Context-free grammar (CFG)

Question

How do I generate a context free grammar for a language
$$\Sigma = \{0, 1\},\ L = \{1^i0^j1^k \mid i, j, k \geq 0\}$$
Thanks already

Answer 1

Denote our context free grammar by $G=(V, \Sigma, R, S)$ whereby $V=\{S,S_1, S_2, S_3\}$ is our set of variables, $S$ denotes the start variable and $\Sigma=\{0,1\}$ is our set of terminals. Then our rules $R$ are given by \begin{alignat}{1}S &\to 1S_1\\\ S_1 &\to 1S_1\ |\ S_2\ \\ S_2 &\to 0S_2\ |\ S_3\ \\ S_3 &\to 1S_3\ |\ \epsilon \end{alignat}

We can generate the following words:

• $101$
• $1\cdots 01$
• $101\cdots$
• $10\cdots 1$
• $10 \cdots 1 \cdots$
• $1 \cdots 0 \cdots 1$
• $1 \cdots 0 \cdots 1 \cdots$

EDIT

The above grammar is only valid for the given language for $i,j,k >0$ as @rici correctly pointed out in the comments.
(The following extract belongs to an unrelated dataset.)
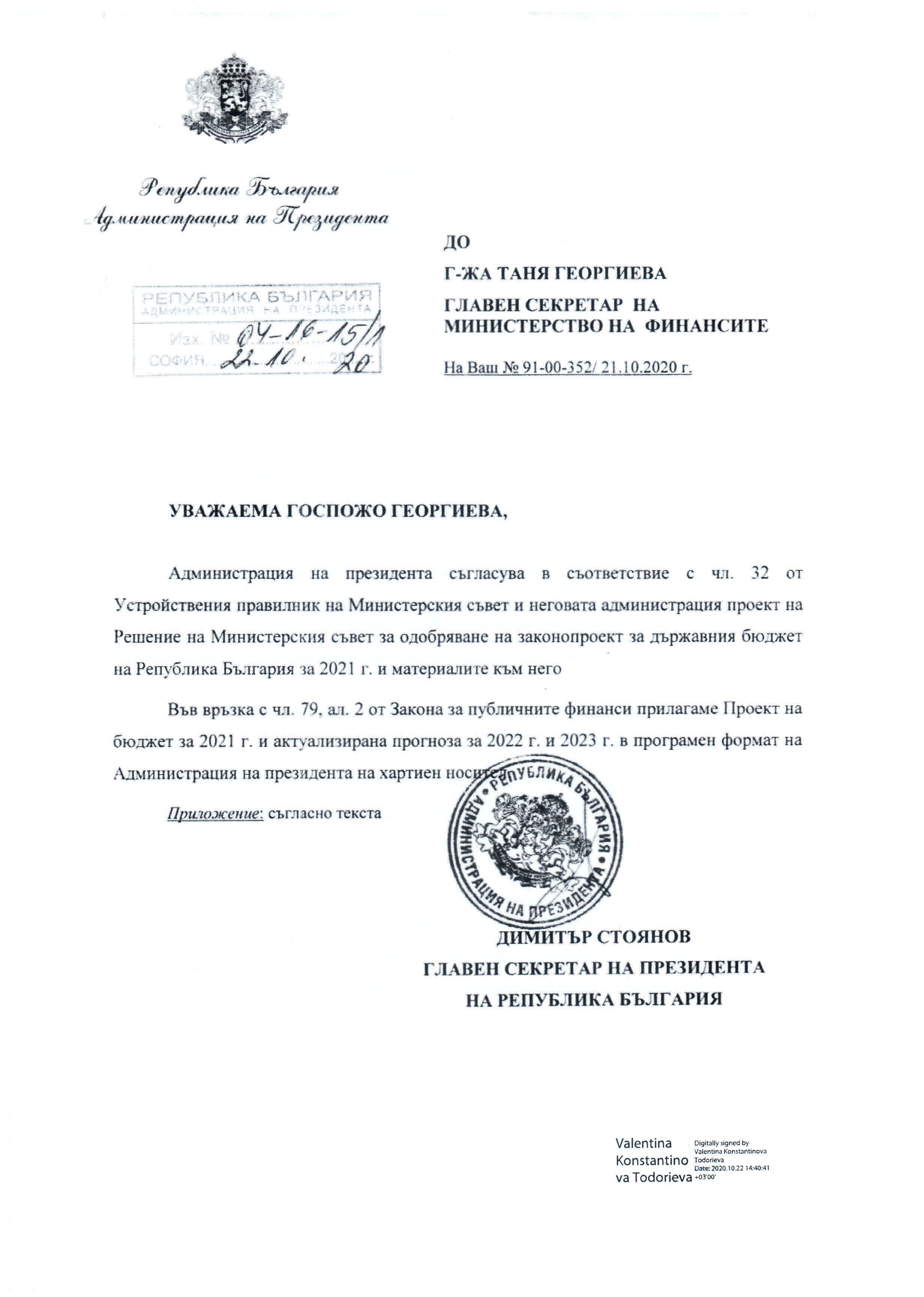 „По повод критичните оценки от страна на президента на Република България Румен Радев за предложения от Министерството на финансите проект на Закон за държавния бюджет на Република България за 2021 г. и Актуализираната средносрочна бюджетна прогноза за периода 2021-2023 г., представляваща мотивите към него, Ви информираме, че Администрацията на президента съгласува документите в съответствие с чл. 32 от Устройствения правилник на МС и неговата администрация без да са изпратени бележки.“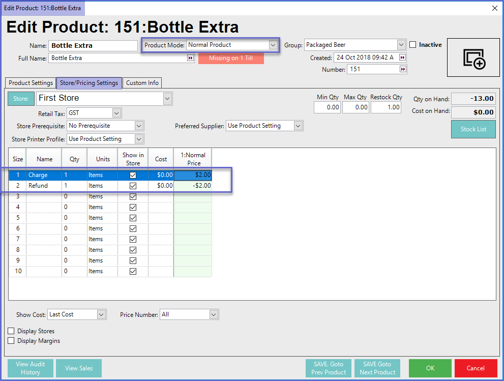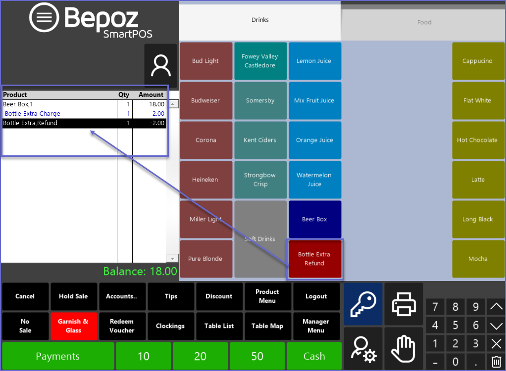 - Once the bottle has been returned by the customer, the Bottle Charge can be refunded by setting up another product button in the Product KeyMap for Bottle Extra (Size 2)

Here is the set of rules for $i,j,k \geq 0$ for the grammar $G=(V, \Sigma, R, S)$ with $V=\{S,S_1,S_2, S_3\}$.

\begin{alignat}{1}S &\to S_1\ |\ S_2\\\ S_1 &\to 0S_1\ |\ S_3\ |\ \epsilon\ \\ S_2 &\to 1S_2\ |\ S_1\ |\ \epsilon \\ S_3 &\to 1S_3\ |\ \epsilon \end{alignat}

This can generate the following words:

• $\epsilon$ (if $i=j=k=0$)
• $1$
• $0$
• $1\cdots$
• $0\cdots$
• $0\cdots 1 \cdots$
• $1\cdots 0 \cdots$
• $1\cdots 0 \cdots 1 \cdots$

Note: with $\cdots$ I mean zero or more repitions.